* Exercise objective
Your answer must be the full listing below, restated word for word, with no pictures in it.

[[ Dataset, beginning ]]

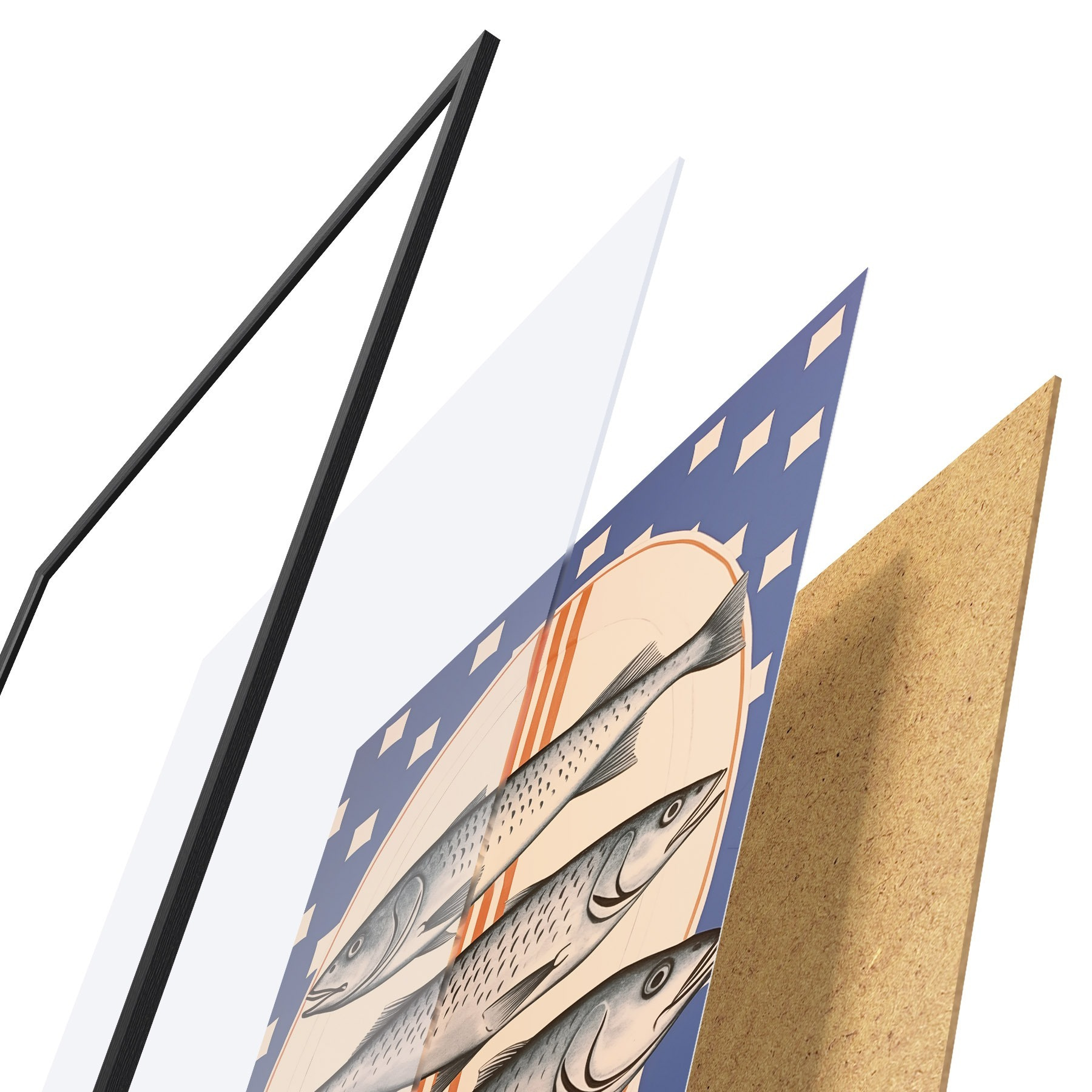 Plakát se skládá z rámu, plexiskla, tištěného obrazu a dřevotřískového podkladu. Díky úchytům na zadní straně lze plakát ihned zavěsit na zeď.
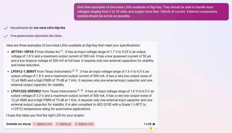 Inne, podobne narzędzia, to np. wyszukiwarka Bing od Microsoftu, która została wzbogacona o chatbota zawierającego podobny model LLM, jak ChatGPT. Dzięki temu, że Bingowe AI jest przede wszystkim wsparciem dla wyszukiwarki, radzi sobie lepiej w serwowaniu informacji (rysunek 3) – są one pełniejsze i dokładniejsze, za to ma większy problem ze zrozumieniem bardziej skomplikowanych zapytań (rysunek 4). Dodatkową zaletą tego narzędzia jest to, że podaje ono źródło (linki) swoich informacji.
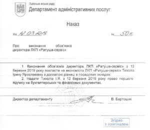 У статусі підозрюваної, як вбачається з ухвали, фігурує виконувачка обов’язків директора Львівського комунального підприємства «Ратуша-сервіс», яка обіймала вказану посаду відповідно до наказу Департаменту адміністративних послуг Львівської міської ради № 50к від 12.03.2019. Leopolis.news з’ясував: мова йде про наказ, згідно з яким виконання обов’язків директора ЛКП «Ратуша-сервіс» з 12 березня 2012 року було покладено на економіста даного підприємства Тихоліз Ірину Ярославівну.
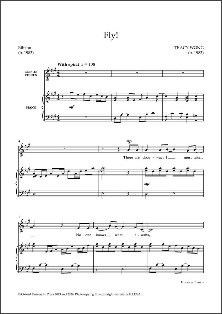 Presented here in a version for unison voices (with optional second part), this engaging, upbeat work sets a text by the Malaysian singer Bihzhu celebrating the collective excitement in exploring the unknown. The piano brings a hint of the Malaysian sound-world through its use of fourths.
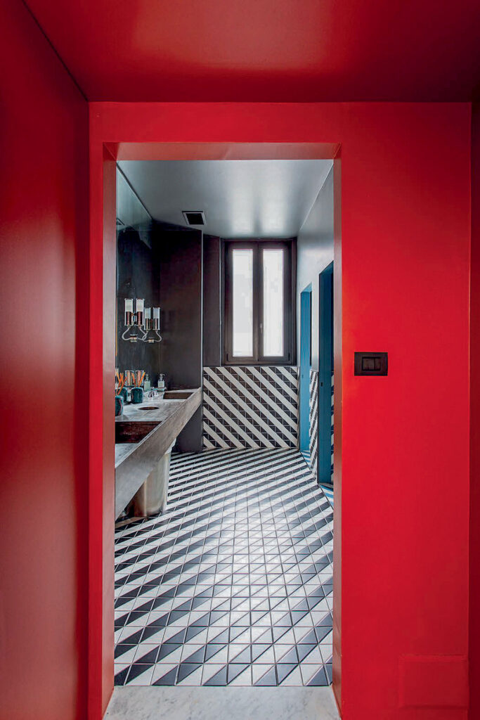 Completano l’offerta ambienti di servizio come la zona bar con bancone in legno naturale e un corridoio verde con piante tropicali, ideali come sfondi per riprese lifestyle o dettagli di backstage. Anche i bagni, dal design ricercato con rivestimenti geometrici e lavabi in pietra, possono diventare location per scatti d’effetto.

[[ Dataset, end ]]

* Response
 Plakát se skládá z rámu, plexiskla, tištěného obrazu a dřevotřískového podkladu. Díky úchytům na zadní straně lze plakát ihned zavěsit na zeď.
 Inne, podobne narzędzia, to np. wyszukiwarka Bing od Microsoftu, która została wzbogacona o chatbota zawierającego podobny model LLM, jak ChatGPT. Dzięki temu, że Bingowe AI jest przede wszystkim wsparciem dla wyszukiwarki, radzi sobie lepiej w serwowaniu informacji (rysunek 3) – są one pełniejsze i dokładniejsze, za to ma większy problem ze zrozumieniem bardziej skomplikowanych zapytań (rysunek 4). Dodatkową zaletą tego narzędzia jest to, że podaje ono źródło (linki) swoich informacji.
 У статусі підозрюваної, як вбачається з ухвали, фігурує виконувачка обов’язків директора Львівського комунального підприємства «Ратуша-сервіс», яка обіймала вказану посаду відповідно до наказу Департаменту адміністративних послуг Львівської міської ради № 50к від 12.03.2019. Leopolis.news з’ясував: мова йде про наказ, згідно з яким виконання обов’язків директора ЛКП «Ратуша-сервіс» з 12 березня 2012 року було покладено на економіста даного підприємства Тихоліз Ірину Ярославівну.
 Presented here in a version for unison voices (with optional second part), this engaging, upbeat work sets a text by the Malaysian singer Bihzhu celebrating the collective excitement in exploring the unknown. The piano brings a hint of the Malaysian sound-world through its use of fourths.
 Completano l’offerta ambienti di servizio come la zona bar con bancone in legno naturale e un corridoio verde con piante tropicali, ideali come sfondi per riprese lifestyle o dettagli di backstage. Anche i bagni, dal design ricercato con rivestimenti geometrici e lavabi in pietra, possono diventare location per scatti d’effetto.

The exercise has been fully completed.